There was a flash of light in the crack of the door leading from the dining-room. That door was thrown open and the light became a blaze from a big lantern held aloft.
"Hey! What!" exclaimed the second voice. "Who—women, by the everlastin'!"
Mrs. Barnes and Emily clinging to each other, blinked in the lantern light.
"Women! Two women!" said the voice again.
Thankful answered. The voice was real and it came from a human throat. Anything human—and visible—she did not fear.
"Yes," she said, crisply, "we're women. What of it? Who are you?"
The man with the lantern entered the room. He was big and broad-shouldered and bearded. His companion was short and stout and smooth-faced; also he appeared very much frightened. Both men wore oilskin coats and sou'westers.
"Who are you?" repeated Aunt Thankful.
The big man answered. His sunburned, good-humored face was wrinkled and puckered with amazement.
"Well," he stammered, "I—we—Humph! well, we're neighbors and—but—but, I don't know as I know you, ma'am, do I?"
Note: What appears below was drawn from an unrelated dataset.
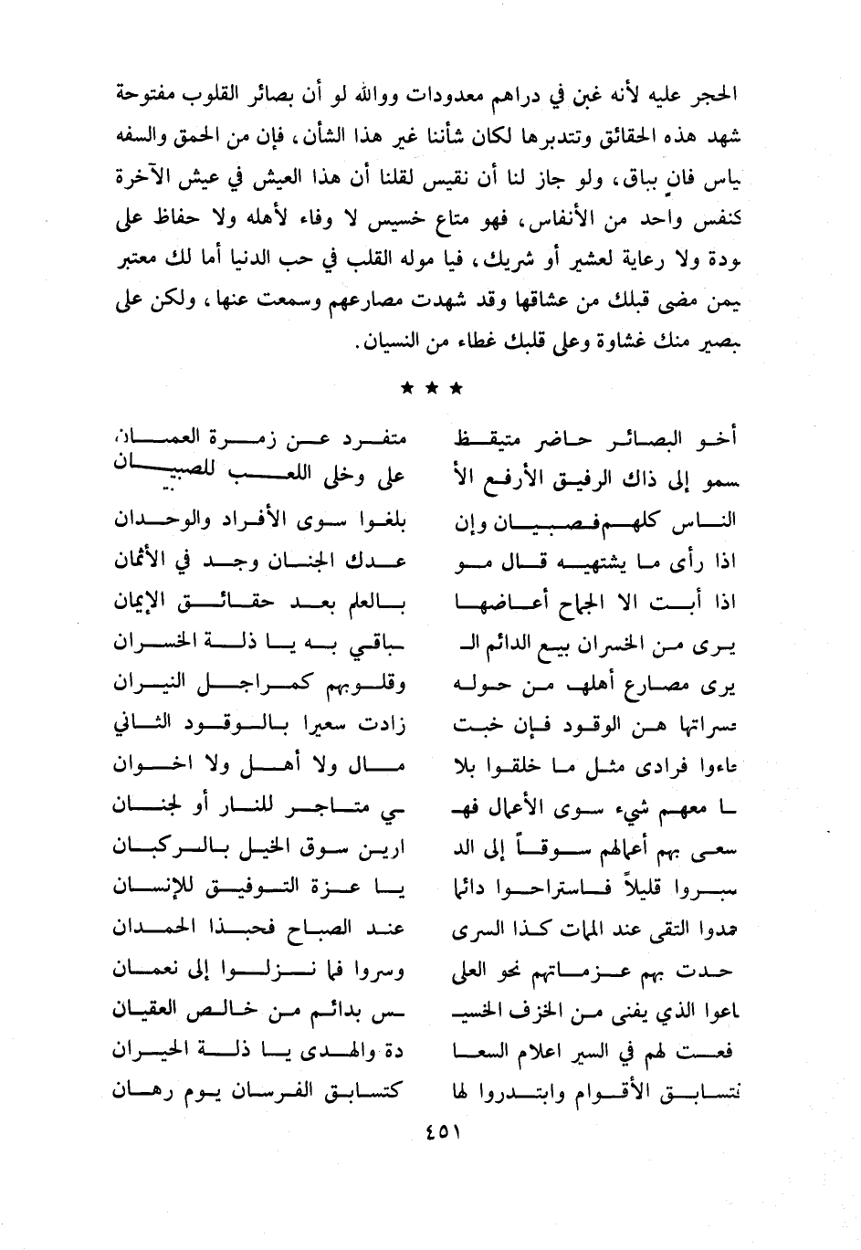 و الحجر عليه لأنه غبن في دراهم معدودات وو اللّه لو أن بصائر القلوب مفتوحة تشهد هذه الحقائق وتتدبرها لكان شأننا غير هذا الشأن، فإن من الحمق والسفه قياس فان بباق، ولو جاز لنا أن نقيس لقلنا أن هذا العيش في عيش الآخرة كنفس واحد من الأنفاس، فهو متاع خسيس لا وفاء لأهله ولا حفاظ على مودة ولا رعاية لعشير أو شريك، فيا موله القلب في حب الدنيا أ ما لك معتبر فيمن مضى قبلك من عشاقها وقد شهدت مصارعهم وسمعت عنها، ولكن على تبصير منك غشاوة وعلى قلبك غطاء من النسيان.

"I don't know why you should. I don't know you, fur's that goes. What are you doin' here? Did that depot-wagon man send you?"
"Depot-wagon man? No, ma'am; nobody sent us. Kenelm—er—Mr. Parker here, saw a light a spell ago and, bein' as this house is supposed to be empty, he—"
"Wait a minute!" Miss Howes interrupted. "Whose house is this?"
"Why—why, it ain't anybody's house, ma'am. That is, nobody lives here."
"But somebody used to live here, it's likely. What was his name?"
"His name? Well, old Laban Eldredge used to live here. The house belongs to Captain Abner Cahoon's heirs, I believe, and—"
Again Thankful interrupted.
"I knew it!" she cried, excitedly. "I wondered if it mightn't be so and when I see that picture of Uncle Abner I was sure. All right, Mr. Whoever-you-are, then I'm here because I own the house. My name's Barnes, Thankful Barnes of South Middleboro, and I'm Abner Cahoon's heir. Emily, this—this rattle-trap you and I broke into is the 'property' we've talked so much about."
CHAPTER III
Emily said—well, the first thing she said was, "Oh, Aunt Thankful!" Then she added that she couldn't believe it.
"It's so," declared Mrs. Barnes, "whether we believe it or not. When you come to think it over there's nothin' so wonderful about it, after all. I had a sneakin' suspicion when I was sittin' here by you, after you'd gone to sleep. What I saw afterwards made me almost sure. I—Hum! I guess likely that'll keep till we get to the hotel, if we ever do get there. Perhaps Mr.—Mr.—"
"Bangs is my name, ma'am," said the big man with the lantern. "Obed Bangs."
"Thank you, Mr. Bangs. Or it's 'Cap'n Bangs,' ain't it?"
"They generally call me Cap'n, ma'am, though I ain't been doin' any active seafarin' for some time."
"I thought as much. Down here on Cape Cod, and givin' orders the way I heard you afore you come into this room, 'twas nine chances to one you was a cap'n, or you had been one. Bangs—Bangs—Obed Bangs? Why, that name sounds kind of familiar. Seems as if—Cap'n Bangs, you didn't use to know Eben Barnes of Provincetown, did you?"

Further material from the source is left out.